Я понял, что наше пребывание в доме Псковских стало несколько неуютным и потому поспешил удалиться, приглашая Ольгу следовать моему примеру. Григорий Иванович так и не понял, что произошло, ругался на свою взбалмошную дочь, много махал руками, но…

Я понял одно.

Завтра вечером перехожу ко второму варианту.

Придётся, никому не сказав ни единого слова, затаиться возле дядиного окна и ждать.

Если появится Бетси, взять её с поличным и так же отчитать, как она посмела отчитать меня сегодня.

Иного выхода нет.

Это война».

Николаю К. от 9 ноября 18** года

«Mon ami, верите ли вы в привидения?

Не в те, что бродят по пустым залам полуразвалившихся замков и дребезжат цепями. А в призраки, настоящие призраки, выходцы с того света. Вы, вероятно, решили, будто я спятил. И, наверное, все в Петербурге станут так думать, покажи вы им это письмо. Но, я уверен, вы не выкинете в отношении меня подобный фортель. И я надеюсь, вы поверите мне.
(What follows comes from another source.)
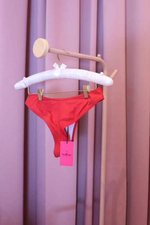 La fantasia con conchiglie bianche su sfondo rosso aragosta richiama il fascino del mare, perfetta per completare il look estivo con un dettaglio fresco e raffinato.
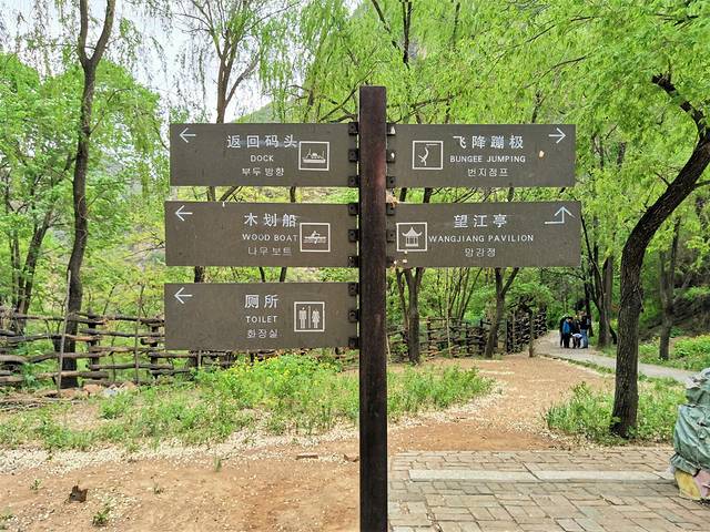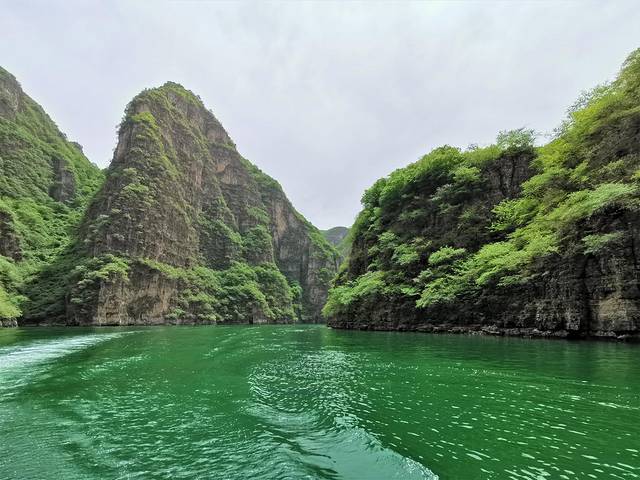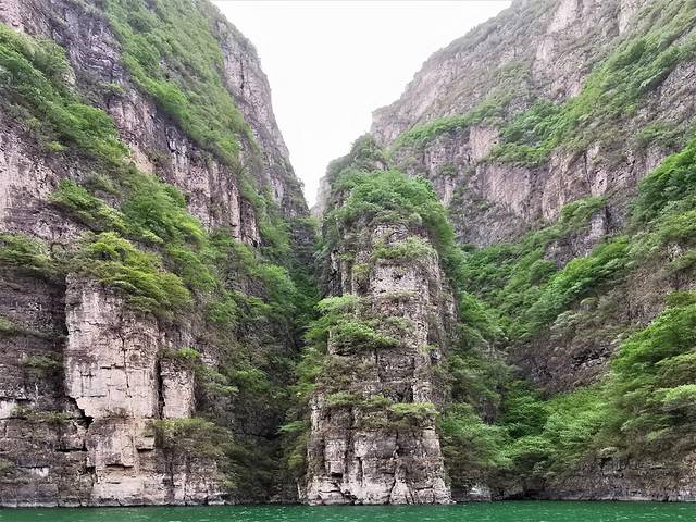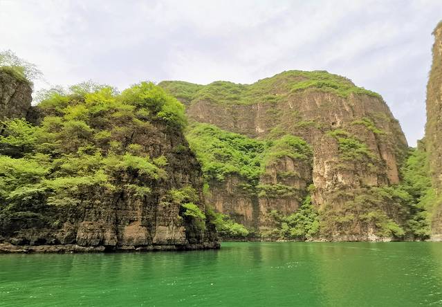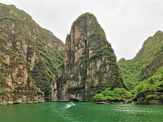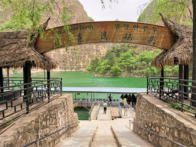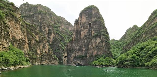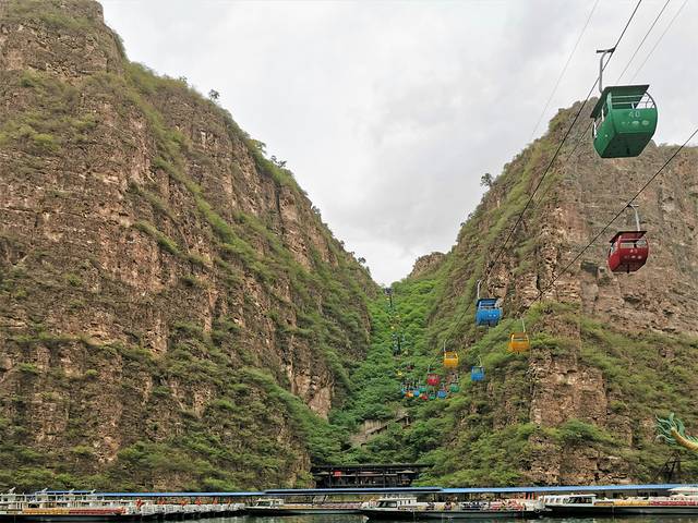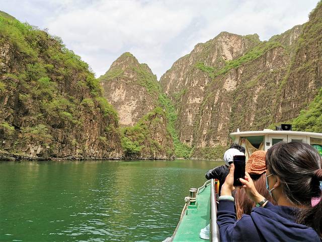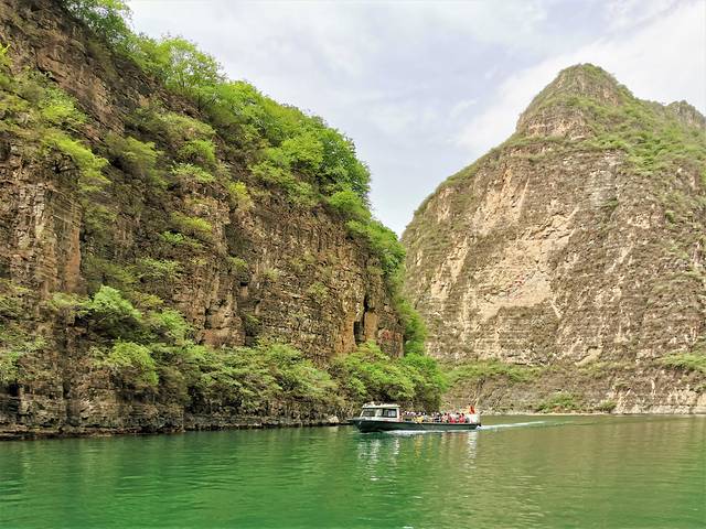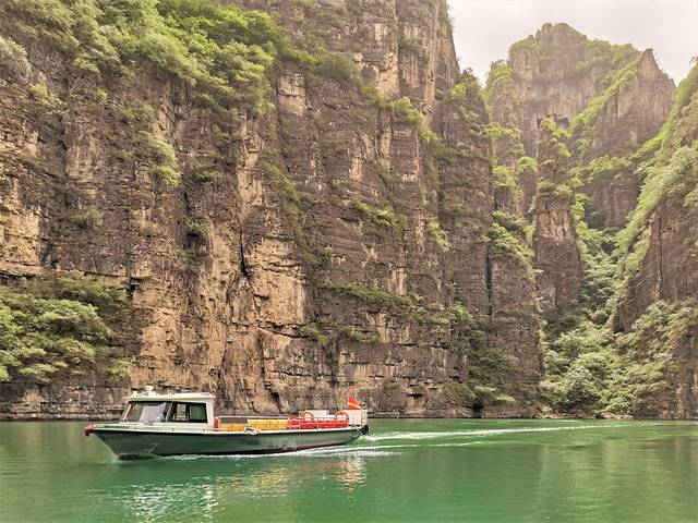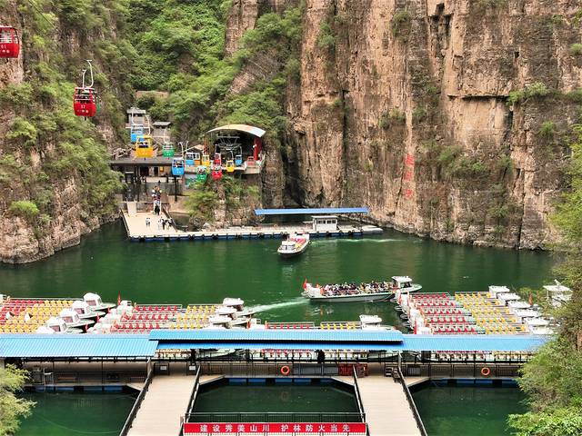 从玉皇顶原路返回,下到游船码头,乘船游览龙庆峡谷。

Соберусь с мыслями и начну излагать по порядку всё, как было. Ольга встретила меня радушно, словно близкого друга. Мы условились следующим образом: я буду караулить в кустах, близ рощицы, откуда хорошо просматриваются дядины окна. Если появится девушка, я, крадучись, дабы не спугнуть, подойду и схвачу её за руку. Бетси, если это она, не отвертеться. Допрошу её со всем пониманием проблемы и без лишней огласки. Будут сложности – Ольга дала мне свисток их конюха. На свист мне на подмогу выбегут мужики.

Таков план, которому не суждено было воплотиться в жизнь.

Я уютно расположился в сугробе за жиденькими кустами, сквозь которые меня в вечерней мгле, конечно, невозможно было заметить. Картина открылась уже по-настоящему зимняя: стойкий морозец, безветренная тишь и тихий желтоватый свет из окошек, льющийся во двор. Я был так очарован красотой, что не заметил, как ноги мои перестали чувствовать большие пальцы – прошло больше часа дежурства.

И тут явилась она.

Как и в тот раз – вся в белом и летнем. Она не шла, а словно плыла по снежному насту к тому же окну. Словно мотылёк на губительный свет.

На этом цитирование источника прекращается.